Talk about your family finances BEFORE the baby arrives

Photo by li tzuni on Unsplash

Couples enter parenthood with all sorts of financial arrangements. Some have been pooling their money in a joint bank account, some have separate bank accounts but share one credit card, some split everything 50/50, and others have been entirely independent from each other. Of course, single moms and co-parents who aren’t coupled have financial arrangements specific to them, too.

While you’re pregnant (ideally, before the baby comes) I recommend that you and your partner sit down now and decide how you’re going to handle your baby related expenses. You should look carefully at your current credit card statements and bank accounts to assess how you’ve been spending your money pre-pregnancy. Then, you should educate yourselves about baby related expenses and figure out what you can afford, where you have to make cuts, and who is going to pay for what.

Even if one of you feels like you’re “bad at money” and would prefer the other partner to be in charge, I recommend that you consider making these financial decisions, which impact both of your lives, together. Aside from planning for new baby-related expenses, this is an important time to discuss any ongoing frustrations about your spending patterns.

Do you resent your partner for paying for an expensive cable plan when he could cut costs by watching shows on his computer? Do you agree that staying in and cooking would save money, but both hate cooking and resent the other for not taking the lead? Now is a good time to bring up these ongoing disagreements so that they’re not exacerbated by the stress — financial and emotional — of a new baby. The following are some questions that may help to guide the conversation:

  • How does the person who gives up her paycheck have access to funds? For example, if you’re a stay at home mom, you probably don’t want to have to ask your partner for money to pay for personal items that you used to pick up in private (and the same is true for stay at home dads).
  • How will you monitor your budget together? If only one of you is the primary caregiver, does the less hands-on person get a say in baby related spending? For example, if you’re the one pushing the stroller most of the time, do you get to decide how much money to spend on a particular model, or does your partner also get input?
  • What about domestic work: If one of you is going from not to working outside the home to being a stay at home parent, will that person also be expected to do all of the cooking, cleaning and laundry? How will your change in roles change your chores routine?

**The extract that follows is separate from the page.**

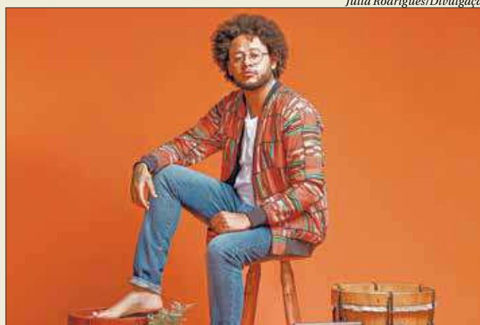
Emicia apresenta 'AmarElo' na Sala Nelson Pereira dos Santos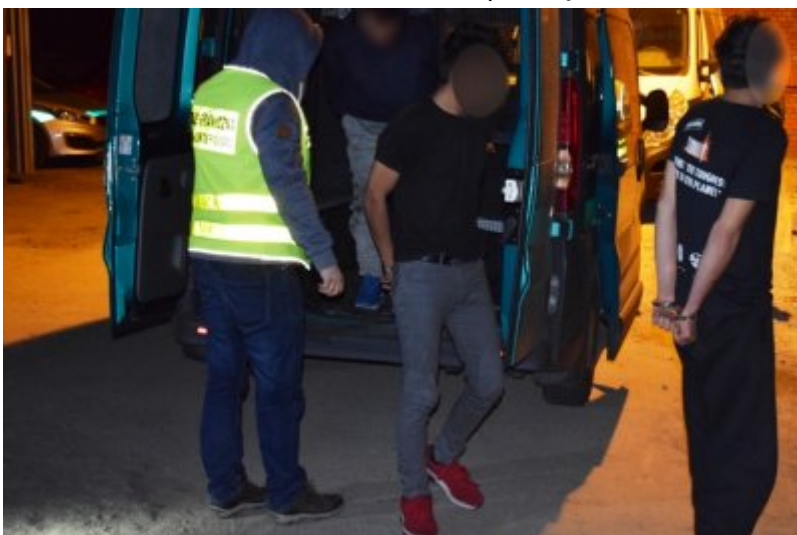
Afgańczycy ukryci w

Money may seem to be a practical aspect of your relationship, but it’s also deeply psychological and rooted in other aspects of your individual identities. Your overall attitude about spending in your new family will probably connect back to feelings about how your childhood family handled finances when you were growing up.

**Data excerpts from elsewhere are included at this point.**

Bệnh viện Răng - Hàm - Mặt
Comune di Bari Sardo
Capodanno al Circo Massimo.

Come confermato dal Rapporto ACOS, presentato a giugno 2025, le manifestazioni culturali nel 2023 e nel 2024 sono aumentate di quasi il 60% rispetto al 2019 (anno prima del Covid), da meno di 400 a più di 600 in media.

Were your parents so thrifty that you never had an allowance for recreation, so now you want to enjoy your income instead of saving? Did growing up with limited resources leave you with constant anxiety about your checking account, even after you secured a well-paying job? Did your parents constantly fight about money, leaving you afraid of talking about a budget with your partner at all?

If you and your partner end up fighting about money, ask yourself if you’re working too hard to protect yourself from — or defend — the financial model you grew up with. You may end up too stubborn and unable to compromise if you’re scared about repeating patterns or intent on resolving patterns you observed in childhood.